2. Remove the ? shrub from in front of the window.
3. Bring the bed along the front of the house about 3-5 wide and connect it to the area under the pine.
4. After 2 and 3, plant some smaller shrubs along the front of the house- maybe smaller azalea variety such as Kurume or Satsuki or hawthorne.
5. Either have just shrubs for #4 or have a perennial bed in front of the shrubs.
6. Hostas would look nice under the tree as already mentioned.



> google shade gardening


May I suggest "dry shade?" Any substantial tree is going to suck up the water first and some "shade" plants are more suited to boggy areas.

I would also consider removing the Leyland ? from the right side of the door. After that, I would plant matching (smaller) shrubs on either side of the door.


----------



## gma2rjc (Nov 21, 2008)

downunder's plan would look beautiful. :yes:


----------



## Lynch (Apr 2, 2009)

Great ideas so far guys, thanks much. Below is a newer picture we took late last summer. The other one is how it looked when we bought the house last May. Everything looks pretty much the same as the first picture at this point. We removed the tree to the right side of the door and added a limelight hydrangea and another plant in it's place (sorry, I'm horrible with plant names). I do like the idea of limbing up the tree to the gutter line. Getting rid of the rhodendrum (sp?) bush in front of the window may take some convincing to my wife. Joining the front bed with the under of the pine may work too. I'm just not sure at this point what to use for edging/border around the tree. Any ideas on that would be helpful. Thanks!


----------



## Scuba_Dave (Jan 16, 2009)

If you limb the tree up further the rhody may fill in more & look better
While they are shade plants its been deprived of (most) sun for years
I've picked up free bricks & use those for edging

House looks much better
I think I'd put a garden down each side of the walkway


----------



## downunder (Jun 13, 2008)

I can appreciate the concern for the rhody; I'm just not particularly fond of any shrub blocking a window like this one does. That said, I would consider moving it to the the right side/front corner about where the hose cart is. Architecturally it could soften that corner as well as screening the view to the houses behind you.
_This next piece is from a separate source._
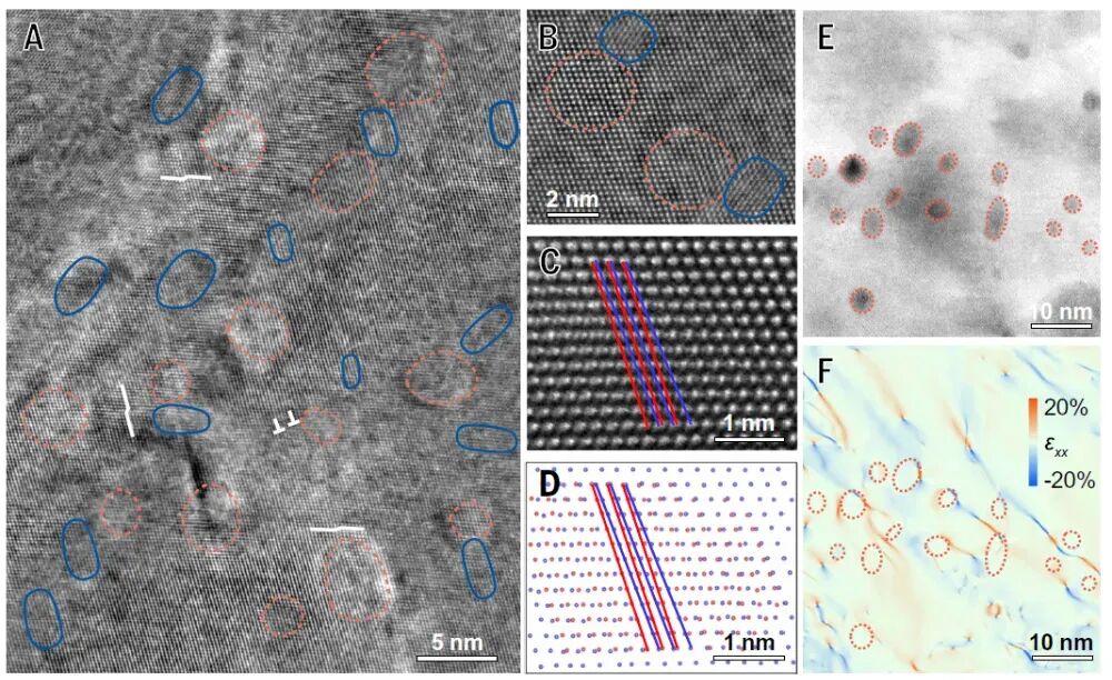图4:原子尺度分析位错行为,揭示螺型位错及应变分布机制,解释强度与韧性协同来源。

Maybe move the hydrangea to the left of the fireplace between those two windows.

Nice touch on the pair flanking the steps! :thumbup:

A little out of the box, but I would extend the walkway to the curb. 
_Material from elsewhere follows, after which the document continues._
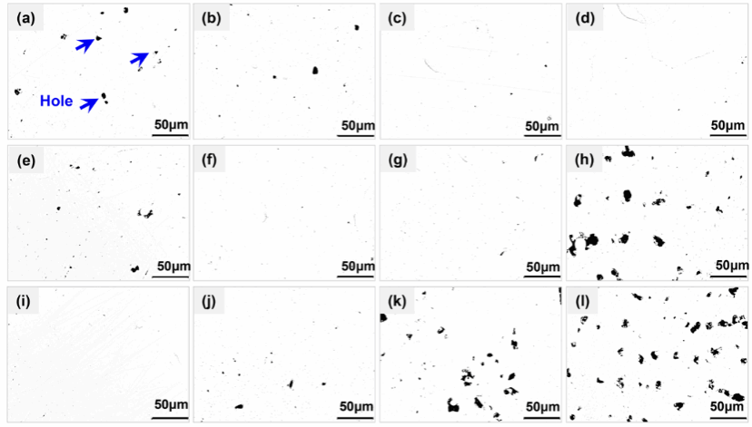 图2 不同参数下LPBF马氏体时效钢的光学显微照片。(a-d)激光功率范围为210 ~ 240 W;(e-h)扫描速度范围为900 ~ 1200 mm /s。(i- 1)打印间距范围为70 ~ 110 μm。

> what to use for edging/border around the tree


Are you thinking a ring around the bed or do you want to fill in the area with plants?


----------



## Lynch (Apr 2, 2009)

Good ideas DownUnder/Scuba_Dave, much appreciated. Regarding the Rhody, I think we're going to leave it where it is as the window that it's blocking is our bedroom window and we like the added privacy that it provides. Also, once I limb up the pine to gutter level (as Scuba_Dave recommended) I think it will offer some more sun for the Rhody.

The sidewalk is an odd thing. It must have been added a long time ago with the intention of meeting up with a sidewalk along the street. There's quite a few houses in the neighborhood that have the same thing..basically a sidewalk that goes nowhere. We were thinking of just totally removing it and adding a walk to the driveway as most people walk to the front door this way. I do like the idea of adding a garden on each side of the sidewalk for now, however.

As far as edging around the tree, I'm thinking of doing something similar to the picture below. Altough, Instead of just 1 layer of edging, I'd like to add at least 3 layers, fill in with dirt, plant some hostas around the tree and then add some mulch to the top. Think that will work, or will it starve the pine?










Thanks again!


----------